Page 1 of 2

Your best concert experience

Posted: Tue Jan 10, 2017 9:50 pm
by jthomas1264
All,

I am looking back on some of the best concerts I've seen over the last few decades. Last month I saw Jason Bonham's Led Zeppelin Experience, an excellent tribute to Zeppelin and Bonzo. So what are your concert memories? I saw Queen twice with Freddie Mercury and twice with Adam Lambert. Incredible shows.

How about y'all?

jt

Re: Your best concert experience

Posted: Tue Jan 10, 2017 9:58 pm
by JayTrek
I would think that those Queen shows with Freddie could not be topped. He commanded a stage like no one else ever has.

I have not taken in many concerts. My musical interests are wide and varied. The two best concerts I have ever seen are were with Chris Botti at the Ryman in Nashville a few years ago. I also saw Chicago and Earth, Wind, and Fire together in Nashville two years ago.

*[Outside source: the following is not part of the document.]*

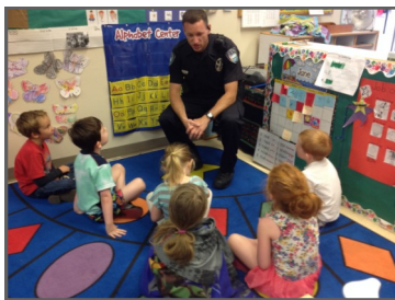
Learning about police work

Parents with enrolled children volunteer in the classroom, organize events, serve on Parent Policy

Both shows were great. And I would certainly see both acts again given the chance.

Re: Your best concert experience

Posted: Wed Jan 11, 2017 12:19 am
by CMur12
I haven't been to a concert in a long time. My favorite would probably be a very intimate Joan Baez concert in a community college theater, in the late 1980s. She was beautiful, charming, and the concert was wonderful. Close to that time, I went to an Everly Brothers concert that I also enjoyed.

Going back to the early 1970s, I went to a Judy Collins concert in the Seattle Opera House and I was blown away by her voice and her charm. I was really into Leo Kottke back at that time and I went to a couple of his concerts, a year apart, too.

- Murray

Re: Your best concert experience

Posted: Wed Jan 11, 2017 3:15 am
by Antique Hoosier
I am not a huge concert or live music devotee but I will offer two unusual ones,..... Bryan Ferry in a very small theater venue OR perhaps my first "real" concert appearance, The Who on their "Farewell" tour in 1983.

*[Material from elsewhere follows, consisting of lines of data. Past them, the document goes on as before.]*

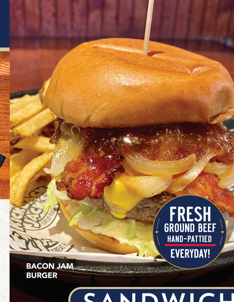
BACON JAM BURGER

A thick and juicy burger topped with a sweet and savory bacon jam, sautéed onions, bacon, mayonnaise, shredded lettuce, tomato and American cheese. • 11.99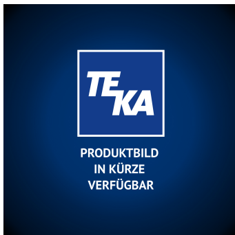
Security upgrade for FilterCube, AirTech P10 and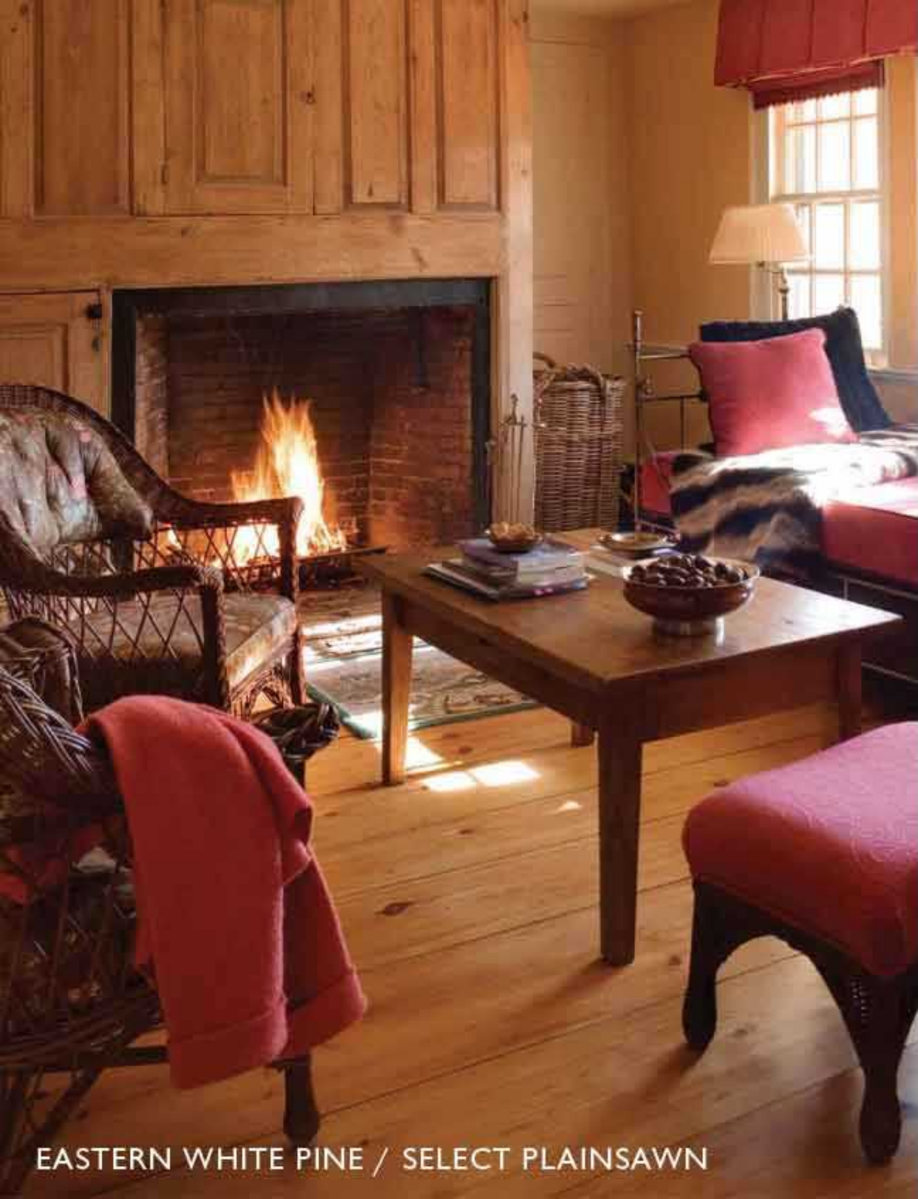
EASTERN WHITE PINE / SELECT PLAINSAWN

Obviously it was farewell until they needed more cash.

The Police in 1984 wasn't a bad show either. I regularly turn down offers to view concerts. They just don't appeal to me.

Re: Your best concert experience

Posted: Wed Jan 11, 2017 10:38 am
by ShadowsDad
Probably Renaissance in the mid '70s at The Academy of Music in NYC.

I haven't been to a concert since the mid '80s and back when I was going to concerts they were few and far between and I was very picky.

Re: Your best concert experience

Posted: Wed Jan 11, 2017 11:04 am
by brothers
I can't single out one best. Early days it was a show featuring Beach Boys, Paul Revere & Raiders, B. J. Thomas and others I can't remember. Later it was Elvis Presley. Third was in the Cotton Bowl --- ZZ Top, Santana, Steve Miller Band, and can't remember who else. Most recently, Eric Clapton.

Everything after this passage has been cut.